If a parent or close family member owns property, a [guarantor arrangement](/articles/first-home-buyers/guarantor-home-loans) can eliminate LMI altogether. The guarantor offers part of their own property's equity as additional security, which brings the lender's effective LVR to 80% or below — so no LMI applies, even with little or no deposit of your own.

It is a genuine alternative, but not a free one: the guarantor takes on real legal risk, limited to the guaranteed portion, and most lenders require them to get independent legal advice. The guarantee can usually be released once you have paid the loan down or the property has grown in value enough to stand on its own.

Other ways to avoid or reduce LMI

Beyond waivers and guarantors, the main paths are:

  • Save to a 20% deposit — the slow but simple route, with the trade-off that prices may move while you save
  • The federal Home Guarantee Scheme, where Housing Australia guarantees part of the loan for eligible buyers so no LMI applies — places and criteria change, so as at July 2026 confirm current settings with [Housing Australia](https://www.housingaustralia.gov.au)
  • Buy at a lower price point to bring your LVR down with the deposit you already have
  • Add a small amount to your deposit to drop into a cheaper LMI band, even if you cannot avoid the premium entirely

Our [low deposit home loans guide](/articles/first-home-buyers/low-deposit-home-loans) compares these paths side by side.

Is paying LMI ever the right call?

Sometimes, yes.

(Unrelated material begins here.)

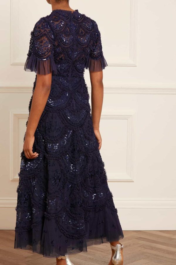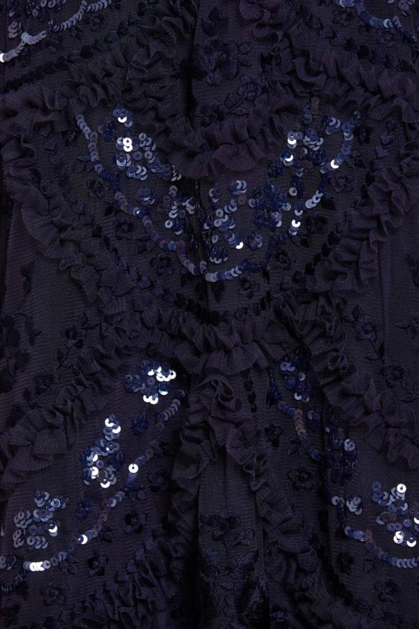 The Carmen Ruffle Ankle Gown in Navy Blue. Delight in a vision of true romance with the Needle & Thread Carmen Ruffle Ankle Gown. With expert craftmanship,the soft layers of tulle and exquisite embroidery evokes a sense of a timeless beauty. Layers of gently ruffled tulle create our signature Needle & Thread textured look,so that you can show off a dazzling silhouette. With floral vine borders and glistening sequins,you can be sure that our romantic Carmen Ruffle Gown will be a show stopping piece in your wardrobe.

If saving the remaining deposit would take years and property prices or rents are rising, paying LMI to buy sooner can be a rational trade — you are paying a known cost to stop renting and start building equity earlier. It can also make sense when a cheaper band is within reach but a 20% deposit is not. The wrong reason to pay LMI is not knowing your alternatives: always check waivers, guarantees and the Home Guarantee Scheme first.

Talk it through with a broker

Whether LMI is a cost worth paying or one you can sidestep depends on your profession, your family situation and how the bands fall on your numbers. [Get in touch](/contact) and we will run your scenario across lenders that treat it most favourably.

Frequently asked questions

Does LMI protect me if I cannot make my repayments?

No. LMI protects the lender against a shortfall if you default and the property sells for less than the loan balance. Even after the insurer pays the lender, it can pursue you to recover the shortfall. If you want protection for yourself, that is separate cover such as income protection insurance.

How much does LMI cost?

It depends mainly on your LVR band and loan size — premiums step up sharply at thresholds like 85%, 90% and 95% LVR, and larger loans attract higher premium rates. Because of the band structure, a modest extra deposit can cut the premium disproportionately. Use an LVR and LMI calculator to model your own scenarios rather than relying on rules of thumb.

Can I add LMI to my home loan instead of paying it upfront?

Usually, yes — this is called capitalising the premium, and it is how most borrowers pay it. It preserves your cash at settlement, but you pay interest on the premium for the life of the loan, and the lender's maximum LVR cap applies to the total loan including the capitalised amount.

Which professions can get LMI waived?

Several lenders waive LMI at up to 90% LVR or higher for medical practitioners, and some extend waivers to legal, accounting and other select professions, often with minimum income or professional membership conditions. Policies vary a lot between lenders and change over time, so check current policy before assuming you must pay.

Is LMI refundable if I refinance or repay the loan early?

Generally no, and this is an important trap: LMI is not transferable between lenders. If you refinance while your LVR is still above 80%, the new lender will usually charge a fresh premium. Some insurers offer partial refunds if a loan is closed very early, but do not count on it — check your specific policy terms.